EDIT: munin does also ship monitoring plugins for MySQL but since I have never used them I cannot vouch for them. The general health monitoring (disk usage, CPU usage, SMART status, inode usage, ...) of the machines provided by munin is also probably more valuable than the database specific monitoring.

jaytaylor · on Aug 23, 2012

Maybe, and that is something we'll be exploring more in the future. The prohibitive element is that it isn't easy to find devs of that caliber, so it probably still would approximately even out (with the understanding that excellent devs aren't cheap).

josegonzalez · on Aug 23, 2012

Yeah, my comment only makes sense if you can actually find the devs to do the work ;)

carsongross · on Aug 23, 2012

When you say 'cache utilization' are you referring to the postgres working set/cache? How are you measuring that?

jaytaylor · on Aug 23, 2012

"Cache utilization" refers to the amount of space the database is using in memory compared to the amount of total cache available on the dedicated Heroku database instance (as seen on their pricing page).

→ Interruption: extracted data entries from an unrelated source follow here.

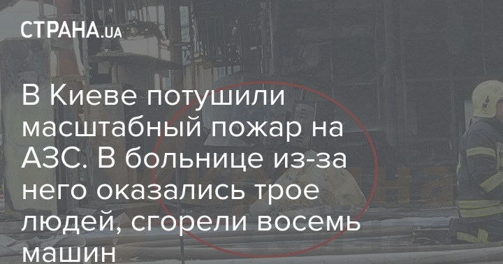 В Киеве потушили масштабный пожар на АЗС. В больнице из-за него оказались трое людей, сгорели восемь машин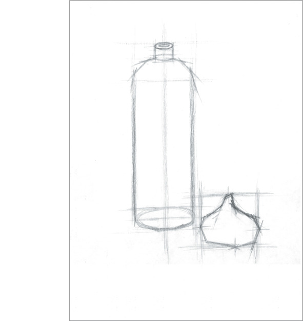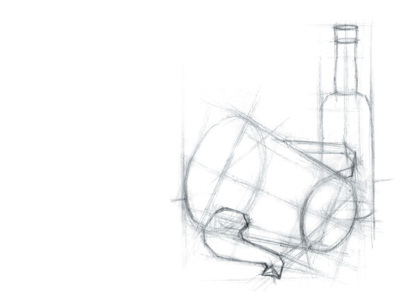 Выясним в натуре, как относится ширина бутылки к ширине всей постановки. Эта пропорция составит 1/2. Горизонтальный габарит на нашем рисунке делим пополам и отмечаем ширину бутылки вертикальной линией. Теперь в натуре выясним, сколько раз ширина бутылки уложится в ее высоте. Получается чуть меньше 1/3. Т.к. верхний габарит был взят по верхней точке горлышка бутылки, от верхнего габарита на рисунке откладываем вниз чуть меньше чем три ширины бутылки.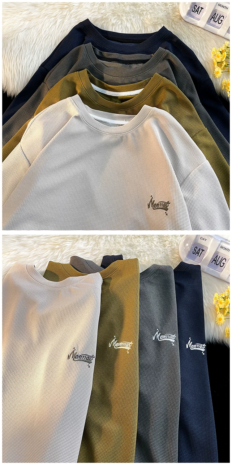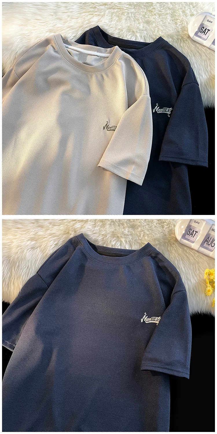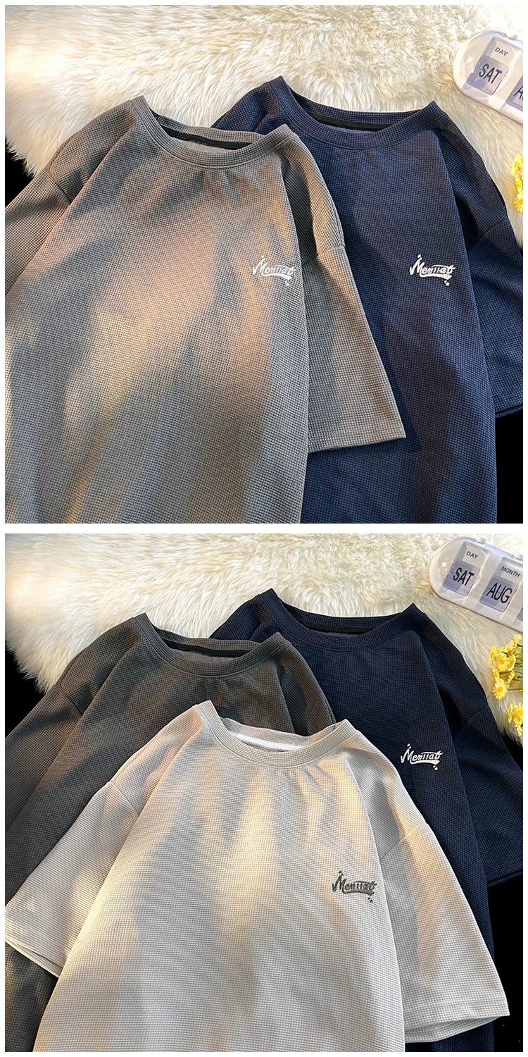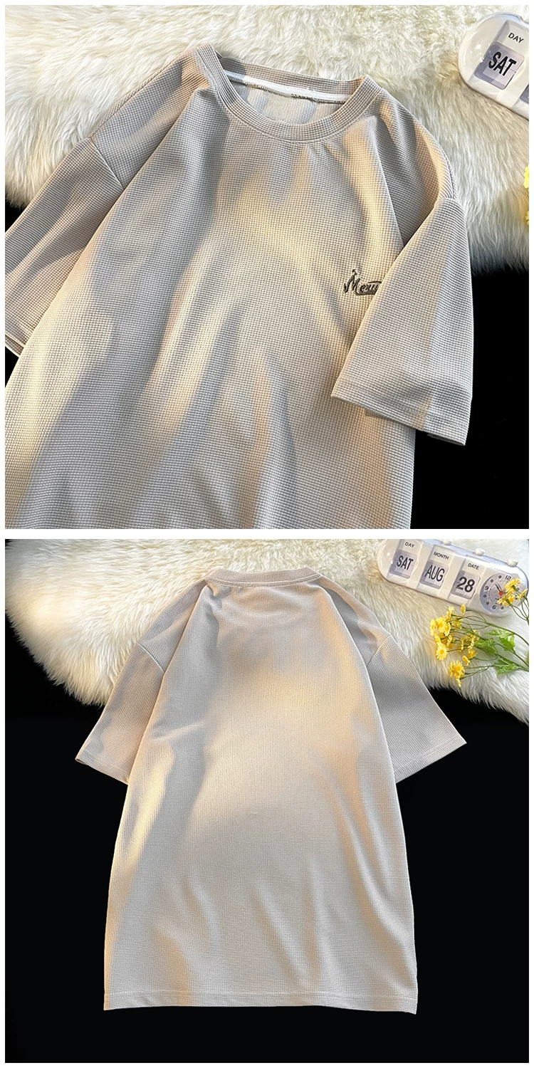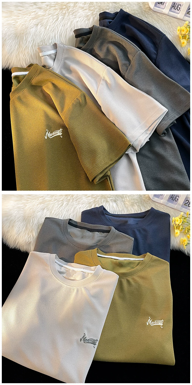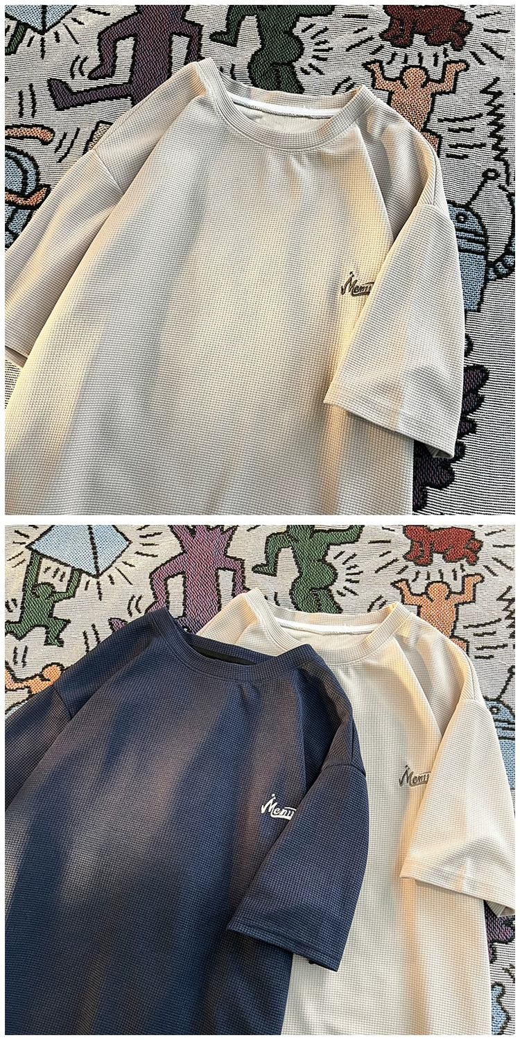 - Áo thun waffle kiểu Hồng Kông dành cho nam, áo thun tay ngắn cổ tròn rộng rãi mùa hè, áo cặp đôi sinh viên thời trang tay lửng.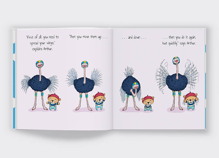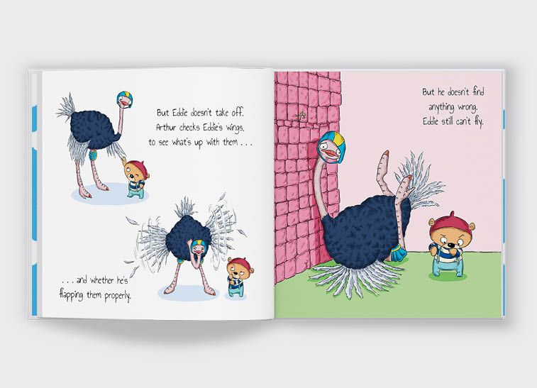 Delve into a charming picture book where Arthur the bear and his bird friend Eddie go on an adventure to teach Eddie how to fly.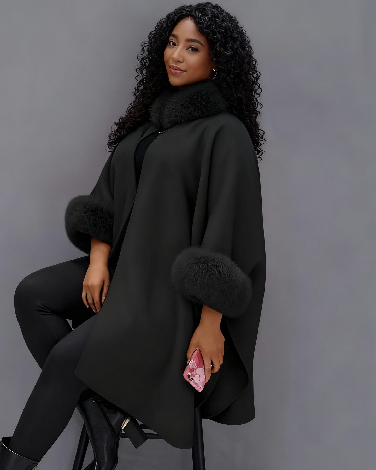 This slim-flattering poncho coat marries fashion with daily ease: its tailored (yet cozy) silhouette fits seamlessly into casual routines, while soft wool + fur trims keep you warm and stylish. Perfect for running errands, meetups, or lazy weekends—effortless chic every day!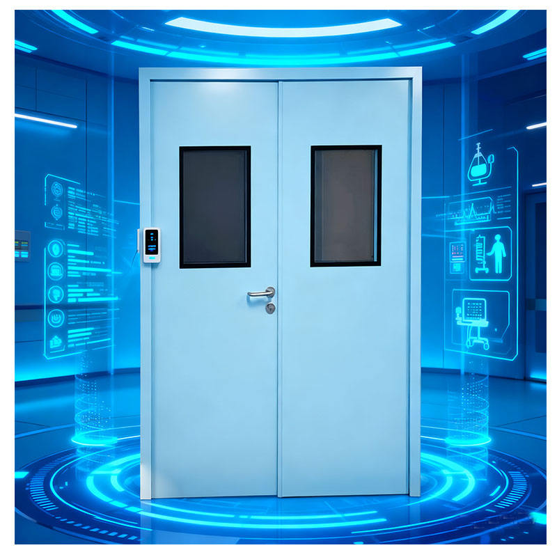 Puerta de sala limpia médica automática moderna, purificación de polímero de supermercado, puerta de acero de madera de vidrio, hierro forjado para Hospital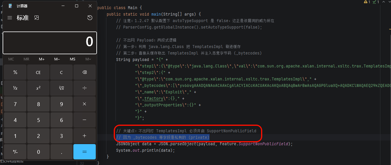 整体思路就是:把恶意 Java 字节码直接 Base64 编码塞进 JSON 里,让 FastJSON 在本地加载并实例化,不需要任何外部连接。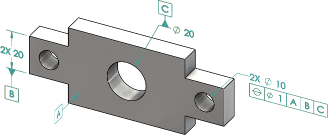 Références répétées Vous pouvez attribuer des références aux répétitions de perçage, perçages concentriques avec intervalles de séparation, répétitions de curseurs et bossages concentriques. Vous pouvez créer des références en tant que répétitions ou fonctions individuelles en utilisant les chambrages et les fraisages. Répétition de quatre perçages utilisée en tant que référence secondaire Répétition de deux perçages concentriques utilisée en tant que référence secondaire Répétition de cinq perçages radiaux utilisée en tant que référence primaire Deux fonctions de bossage utilisées pour définir la référence A Deux fonctions de largeur utilisées pour définir la référence B Deux perçages de type chambrage utilisés pour définir la référence C Deux trous fraisés utilisés pour définir la référence B Sujet parentOutils DimXpert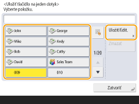 V záujme zvýšenia pohodlia je možné uložiť často používané miesto určenia do tlačidla na jeden dotyk. Vďaka tomu dokážete rýchlo špecifikovať miesto určenia jednoduchým stlačením tlačidla. Popri uložení čísla faxu alebo e-mailovej adresy do tlačidla na jeden dotyk môžete uložiť aj umiestnenie priečinka súborového servera (adresa IP a cesta) na použitie pri ukladaní naskenovaných údajov.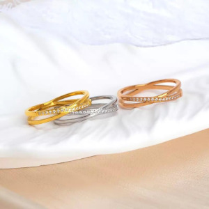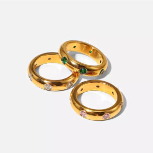 Anillos, estilo simple, geometricos, con pedreria, en acero inoxidable, chapado en oro.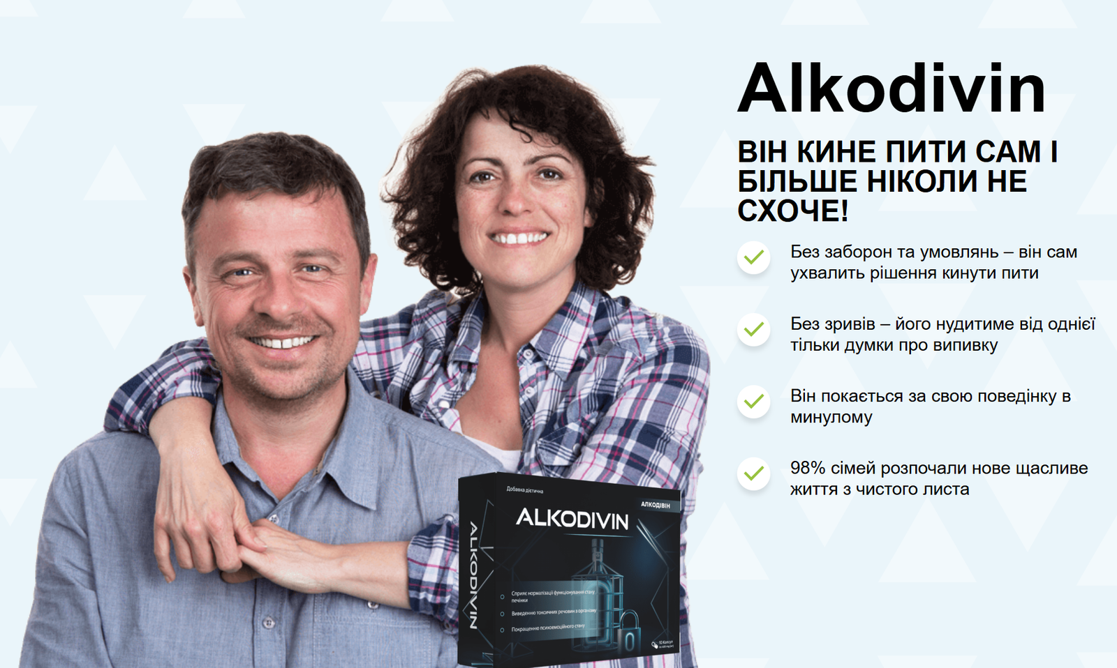 «Я купила Алкодівін для чоловіка. Ми пробували все раніше, але тремтіння після відміни та злість були надто сильними. Ця добавка дуже заспокоювала його нервову систему. Він терплячий, спить краще, а очі ясні. Це диво для нашої родини."
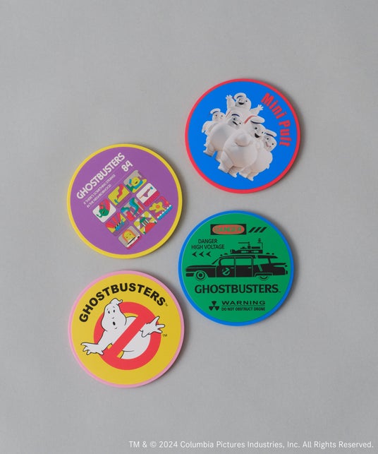 ゴーストバスターズの代表的なキャラクターやシーンがプリントされた、カラフルなラバーコースター。食卓にはもちろん、インテリアとしてもおすすめです。マグカップと合わせて贈り物にも。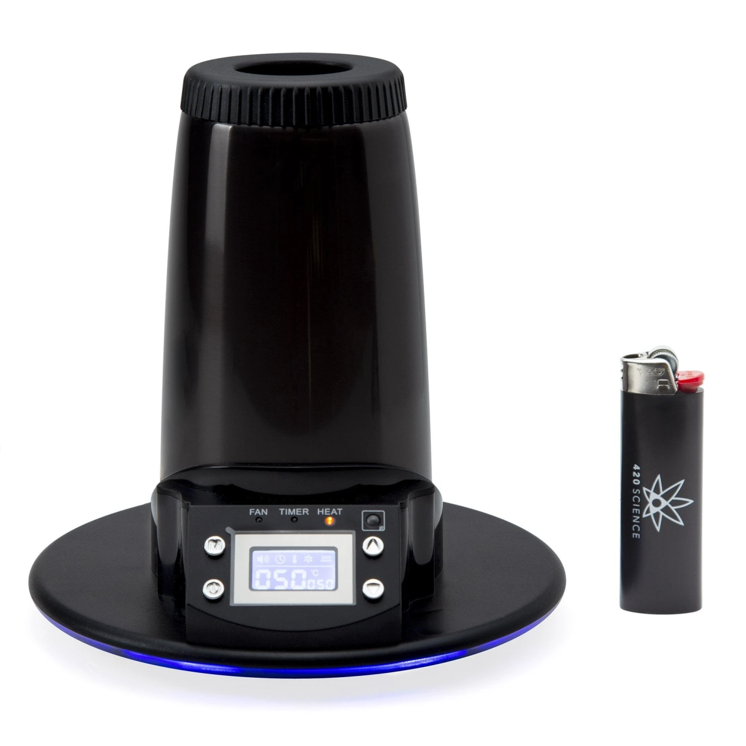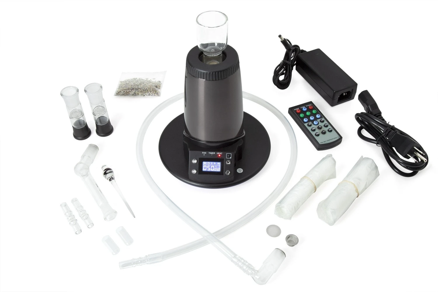 The Arizer Extreme Q desktop vaporizer is constantly in a race with the Volcano to be the most popular and well-reviewed vaporizer in the world. The vaporizer works with either a mini whip or a turkey balloon bag. The glass mouthpiece makes toking from the whip or bag feel like smoking a pipe but with the flavor and potency of vape.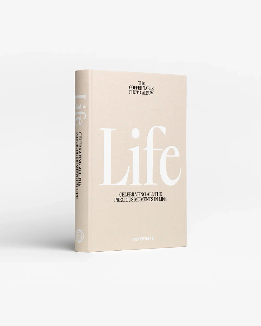 Ontdek het prachtige en innovatieve fotoboek, Life, ontworpen om de beste vriend van elke boekenplank te zijn. Dit prachtige album heeft een hardcover bekleed met beige doek en subtiele witte tekst, waardoor het een elegant alternatief is voor traditionele koffietafelboeken.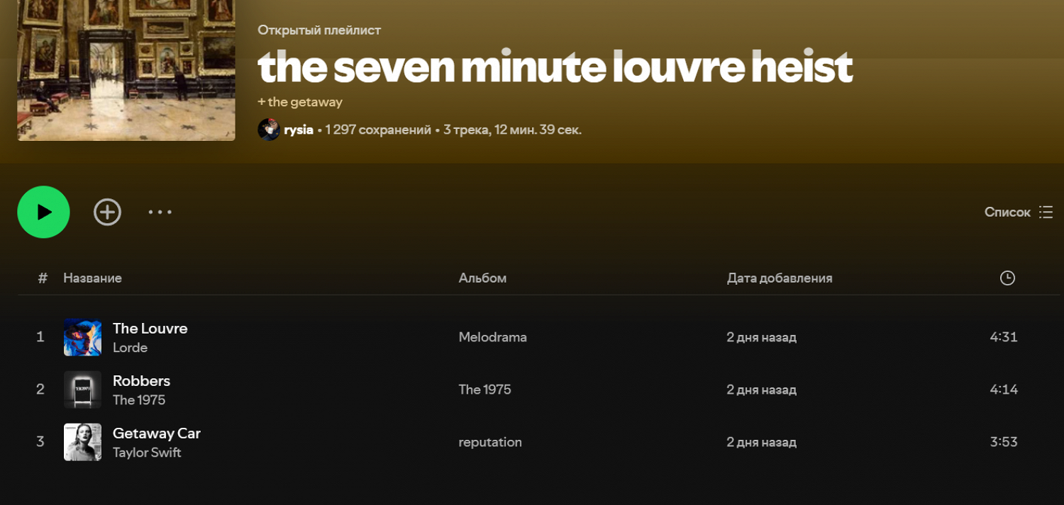 В Spotify появился плейлист «Семь минут на ограбление Лувра». Его составила пользователь с ником @rysia. В подборку вошли три трека с тематическими названиями: «Лувр» певицы Лорд, «Грабители» группы The 1975 и «Машина для побега» Тейлор Свифт.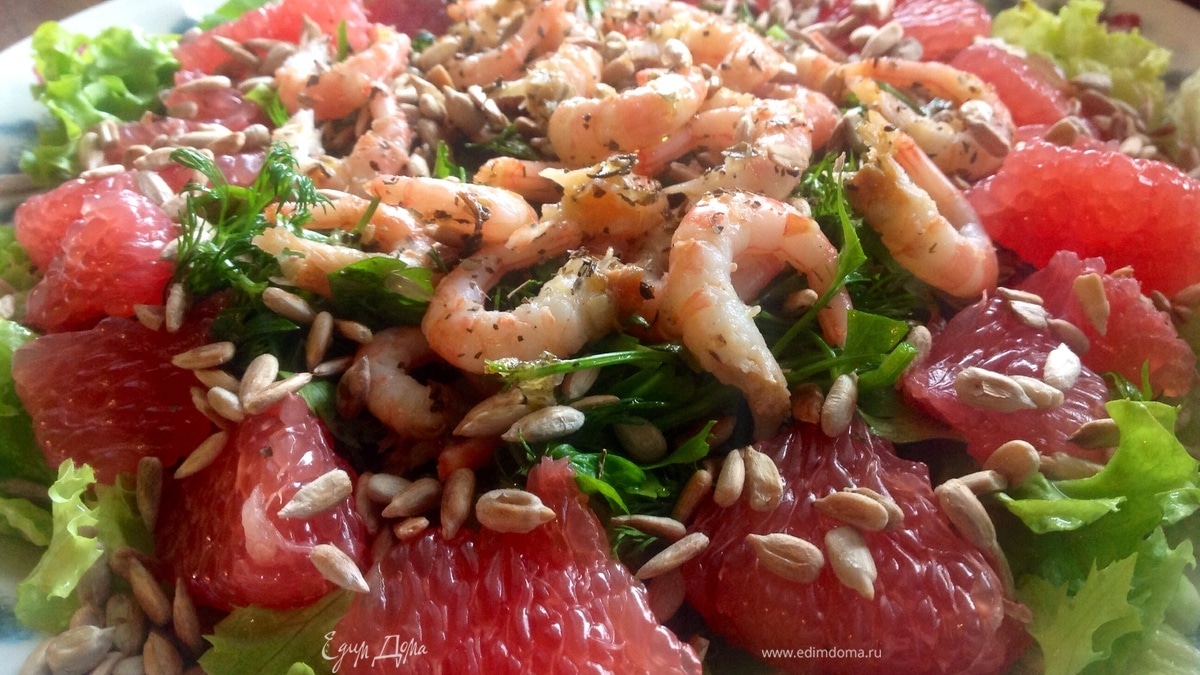 Креветки добавили в миску к порезанному салату, грейпфрут очистили от пленки и порезали на порционные кусочки.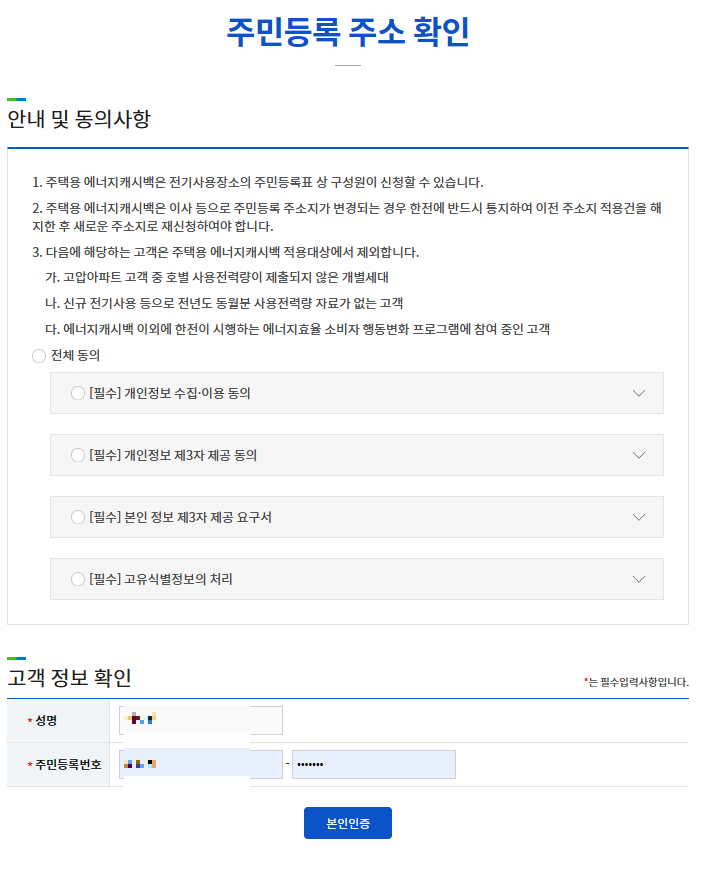 확인 및 동의사항 확인하고 체크 후 에너지캐시백 참여확인 버튼 눌러주세요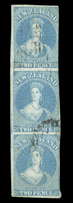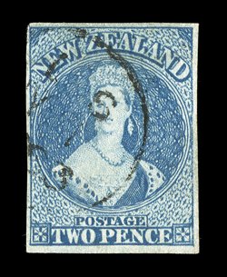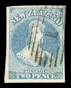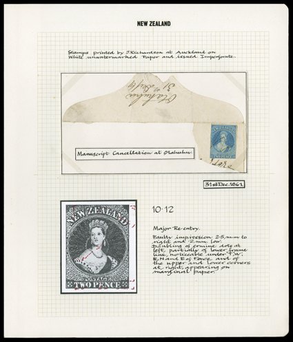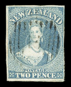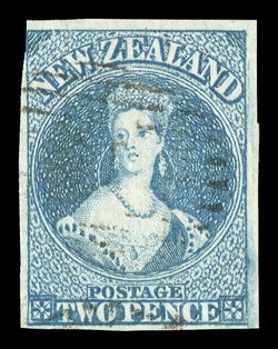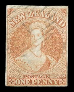 1/- emerald-green on soft paper, showing dry ink impression at right, good to large margins, neatly cancelled "1" at Auckland, good colour and fine. Holcombe Certificate (1985). Sc. 10a; S.G. 16, £1,700. (Image) |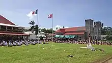 La fête de l'Assomption devant le palais avec les deux drapeaux, celui de la France et celui de Wallis-et-Futuna.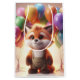 Cute fox omgiven av färgstarka ballonger.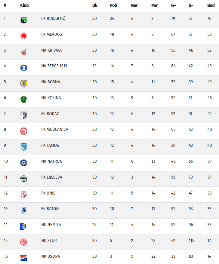 Uz nastavku vam donosimo tabelu nakon 30. kola. Napomena: U tabeli još nije ažuriran rezultat utakmice NK Žepče 1919 – NK Nemila (zvanična odluka, s.r. 3:0). S navedenom pobjedom NK Žepče 1919 će u konačnici završiti kao trećeplasirani zbog bolje gol razlike u odnosu na NK Krivaja.

We are measuring it by issuing a `hr pg:info -asendhug` command which includes a field called "Data Size".

e.g.:

=== HEROKU_POSTGRESQL_GOLD (DATABASE_URL) Plan: Ika Status: available Data Size: 2.00 GB Tables: 76 PG Version: 9.1.4 Fork/Follow: Available Created: 2012-08-16 04:09 UTC Followers: HEROKU_POSTGRESQL_TANGERINE Maintenance: not required

As for whether this is the "working set/cache", it is not clear where the "Data Size" number comes from. This is an interesting question, I'll ask Heroku for more information and report back.

jaytaylor · on Aug 24, 2012

Heroku has replied..

> Cache utilization talks about the working set size, yes.

>

> The database size typically means just the result of

> pg_database_size() on your database (you can use the

> current_database() function as a shortcut). Note that this

> does include dead tuple bloat that is regularly cleaned

> up by Postgres autovacuum, so it's more of an estimate than

> a hard number.

carsongross · on Aug 24, 2012

Right, but that doesn't give you a good idea of how close your working set is to the max memory cache, unless your entire DB is active.

I'll ping them again and ask if they've found a good way to measure this. It seems like this is the most important number to look at when scaling a heroku/postgres project.

willlll · on Aug 23, 2012

I'm glad you were able to find a good solution.

indiecore · on Aug 23, 2012

Very cool. That's all I can really say, kudos for thinking on their feet, coming up with a clever solution and then sharing it.

ashrust · on Aug 23, 2012

We do try - and btw, we're hiring if you know any iOS engineers...

Let us know if you're in the unfortunate position of having to use it. We'd love to know if it works out for you.